- **Data section**:
__________

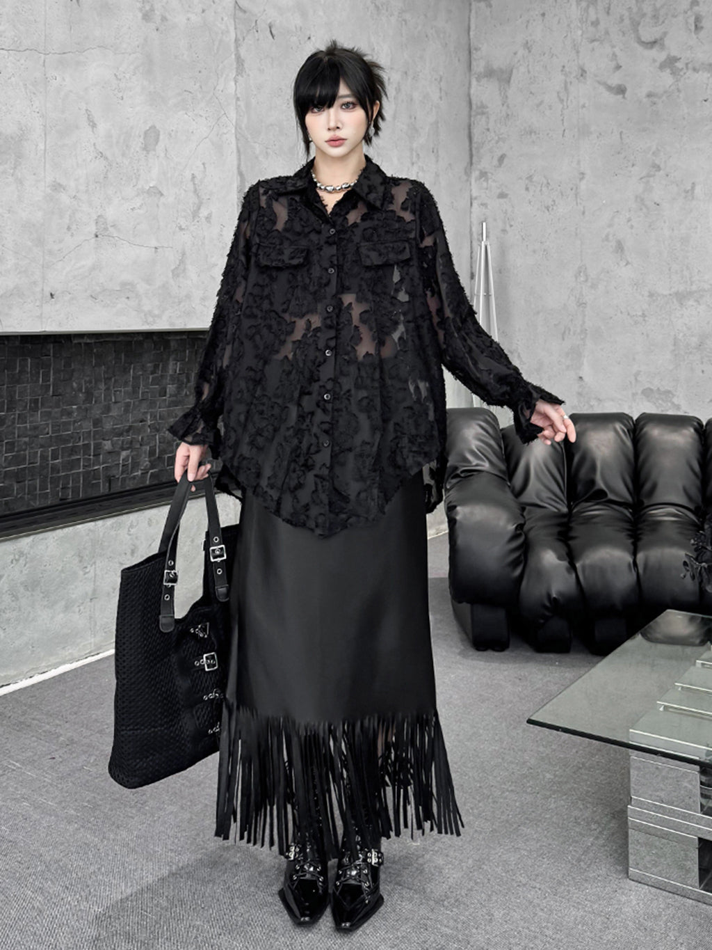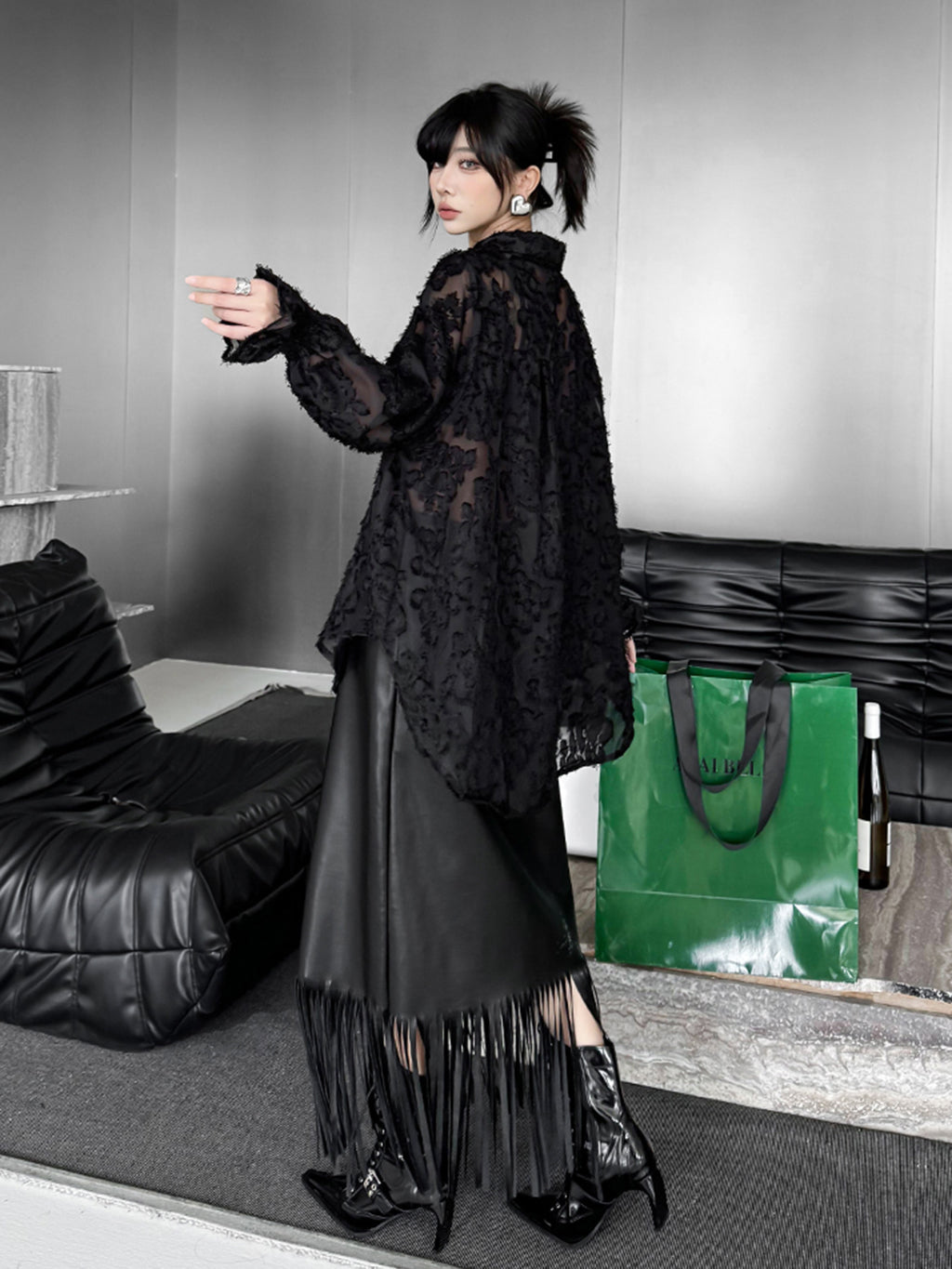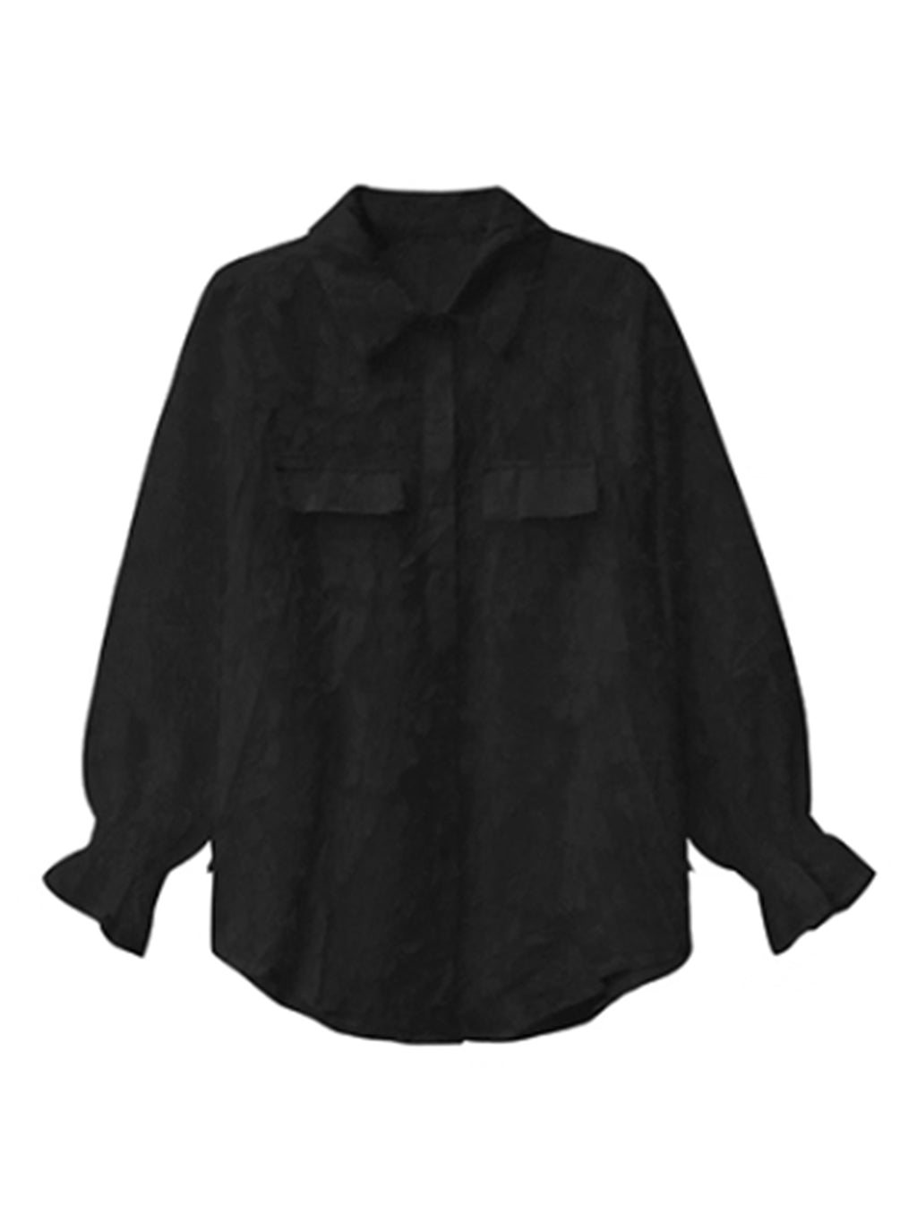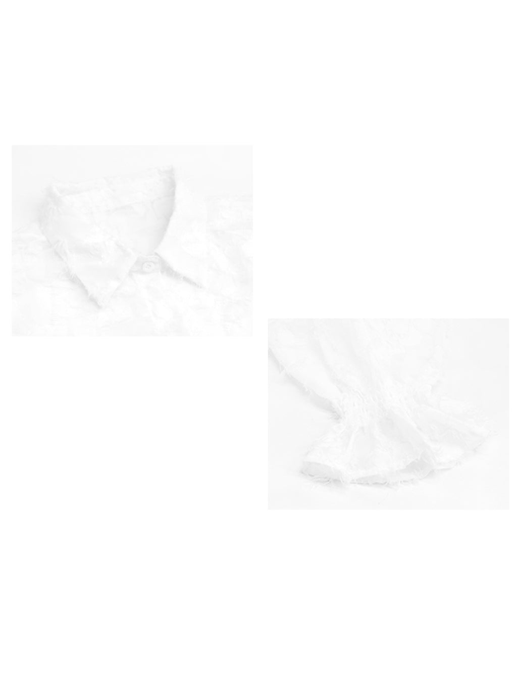 透け感のあるシフォン素材に、花柄のフロッキー加工を全面に施したブラウス。ドロップショルダーのシルエットとゆったりした袖に加え、カフ部分にはシャーリング風のギャザーを入れ、柔らかな表情をプラス。前開きの比翼仕立てに加え、胸元にはフラップポケットを配置。後ろ下がりのアシンメトリーなヘムラインが動きと奥行きを与える。シンプルなボトムスと合わせるだけで存在感が際立つ1枚。
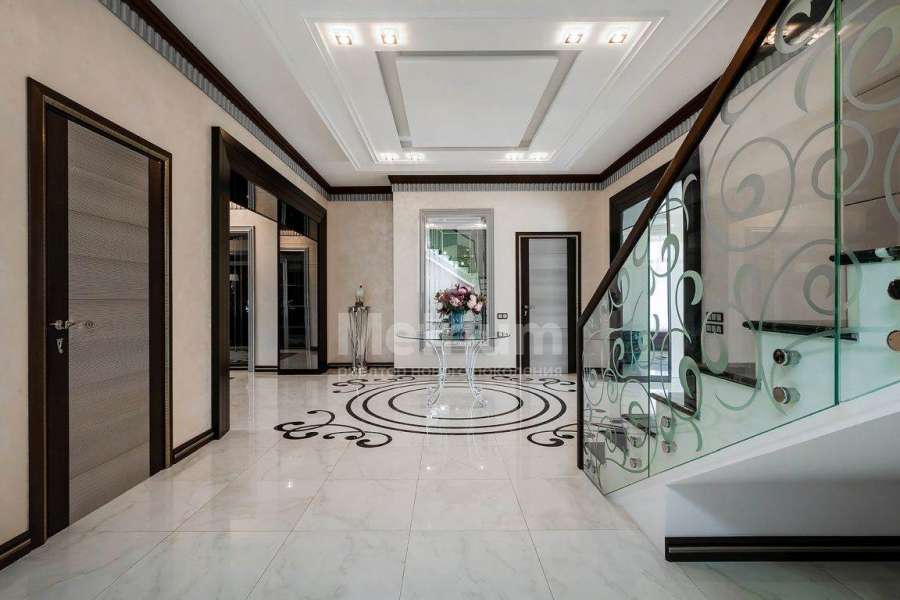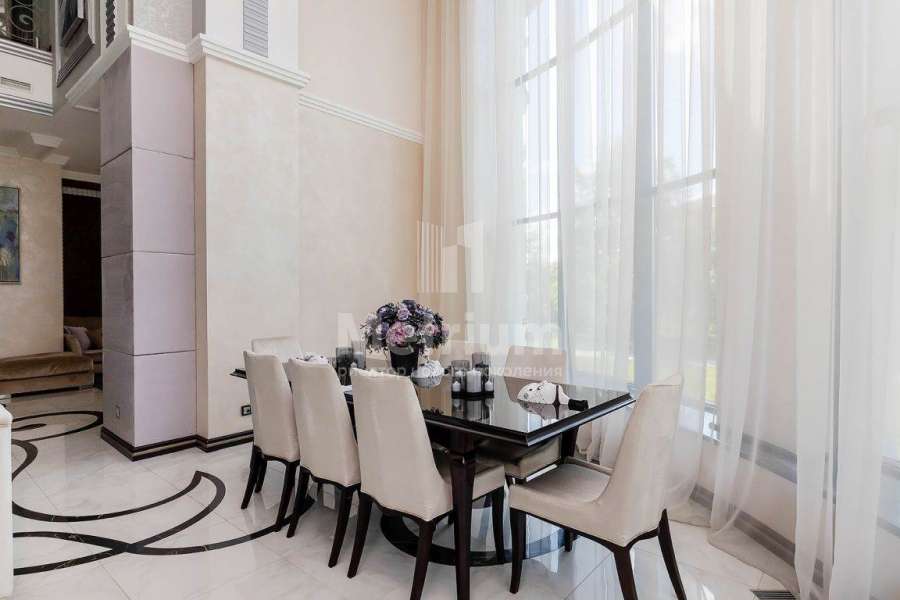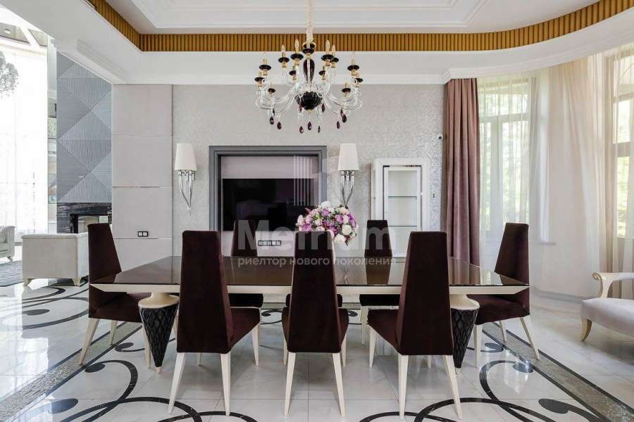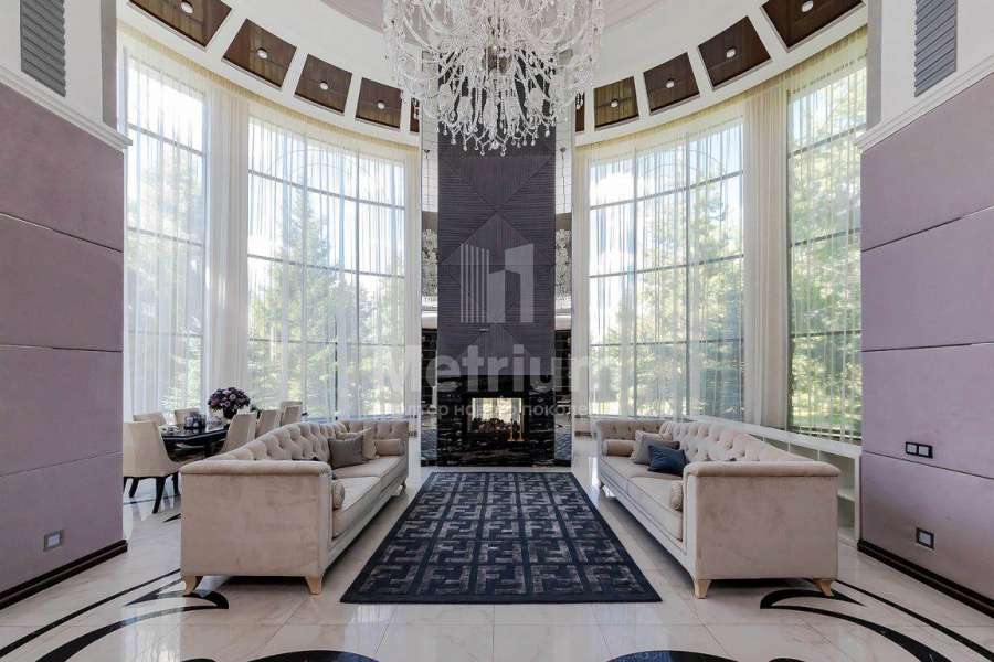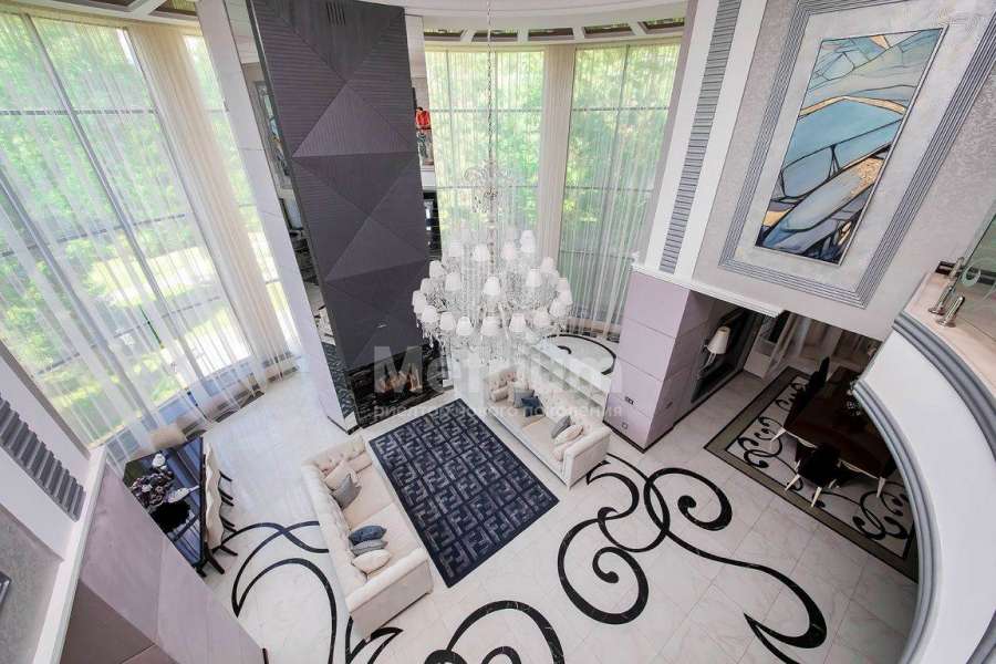 Дом? площадью 768 кв.м расположен на участке 29,39 соток в застроенной части поселка Монтевиль, в шаговой доступности от парковой зоны. Крупные деревья по периметру участка создают невероятное чувство приватности и уединения. Интерьер выполнен под ключ с мебелью, декором, сантехникой и техникой премиального качества производства Италии, Бельгии, Германии. Напольные покрытия: керамогранит Valentino лазерной резки на заказ, Roberto Cavalli, итальянский мрамор, паркет Coswick. Стены: декоративное покрытие Oikos Ottocento, обои Arte Oxide(Бельгия) и Италия. Плитка в санузлах: Fap, Valentino Imperiale. Сантехника: Cielo, Artceram, Villeroy&Bosch, Balteco. Межкомнатные двери Romagnoli, свет - Италия на заказ. Ковры FENDI, Ralph Lauren. В двухсветной гостиной установлен туннельный камин также выполненный по индивидуальному заказу. Кровля выполнена из керамической черепицы, подогреваемое крыльцо облицовано гранитом. В доме установлена центральная система вентиляции и кондиционирования DAIKIN.Дополнительно на участке расположен гостевой дом 232 м2 с приватной SPA-зоной с отдельным входом, гаражом для 2-х автомобилей и садовой техники и апартаментами для персонала на втором этаже.
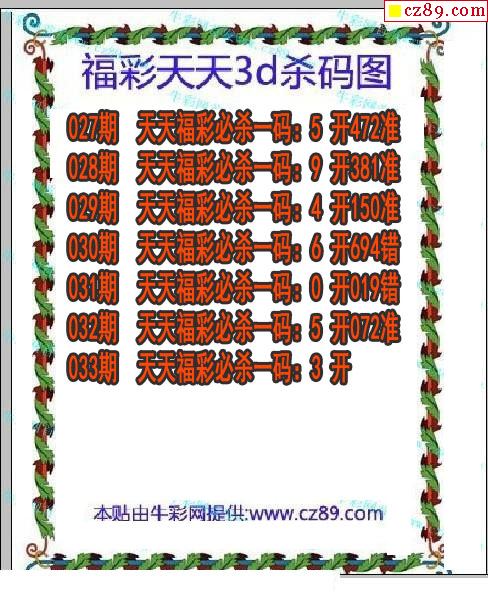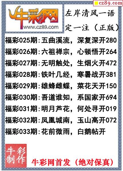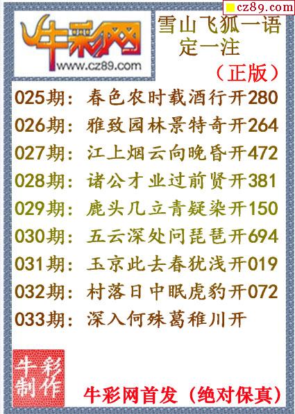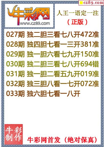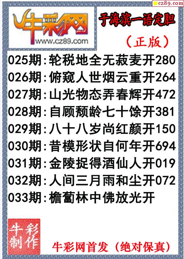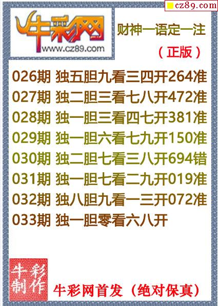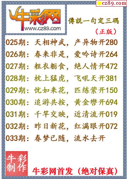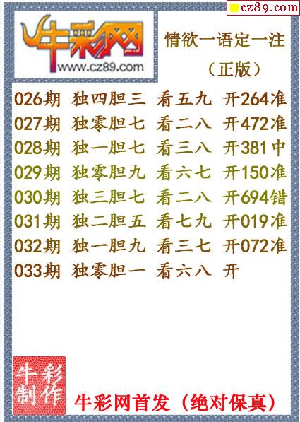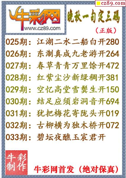 牛彩版3D字谜彩报图26年033期打印版
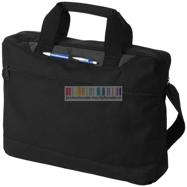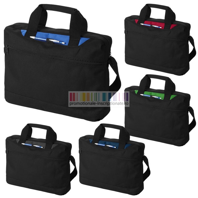 Genti promotionale pentru documente, confectionate din poliester 600D si disponibile in cinci culori, cu suport pentru pix, buzunar frontal cu fermoar, compartiment principal spatios cu inchidere prin fermoar, manere prinse la mijloc si bareta ajustabila pentru umar.

__________

- **Activity**:
Working from the lines above, reproduce the material exactly and exclude its pictures.

- **Exercise response**:
 透け感のあるシフォン素材に、花柄のフロッキー加工を全面に施したブラウス。ドロップショルダーのシルエットとゆったりした袖に加え、カフ部分にはシャーリング風のギャザーを入れ、柔らかな表情をプラス。前開きの比翼仕立てに加え、胸元にはフラップポケットを配置。後ろ下がりのアシンメトリーなヘムラインが動きと奥行きを与える。シンプルなボトムスと合わせるだけで存在感が際立つ1枚。
 Дом? площадью 768 кв.м расположен на участке 29,39 соток в застроенной части поселка Монтевиль, в шаговой доступности от парковой зоны. Крупные деревья по периметру участка создают невероятное чувство приватности и уединения. Интерьер выполнен под ключ с мебелью, декором, сантехникой и техникой премиального качества производства Италии, Бельгии, Германии. Напольные покрытия: керамогранит Valentino лазерной резки на заказ, Roberto Cavalli, итальянский мрамор, паркет Coswick. Стены: декоративное покрытие Oikos Ottocento, обои Arte Oxide(Бельгия) и Италия. Плитка в санузлах: Fap, Valentino Imperiale. Сантехника: Cielo, Artceram, Villeroy&Bosch, Balteco. Межкомнатные двери Romagnoli, свет - Италия на заказ. Ковры FENDI, Ralph Lauren. В двухсветной гостиной установлен туннельный камин также выполненный по индивидуальному заказу. Кровля выполнена из керамической черепицы, подогреваемое крыльцо облицовано гранитом. В доме установлена центральная система вентиляции и кондиционирования DAIKIN.Дополнительно на участке расположен гостевой дом 232 м2 с приватной SPA-зоной с отдельным входом, гаражом для 2-х автомобилей и садовой техники и апартаментами для персонала на втором этаже.
 牛彩版3D字谜彩报图26年033期打印版
 Genti promotionale pentru documente, confectionate din poliester 600D si disponibile in cinci culori, cu suport pentru pix, buzunar frontal cu fermoar, compartiment principal spatios cu inchidere prin fermoar, manere prinse la mijloc si bareta ajustabila pentru umar.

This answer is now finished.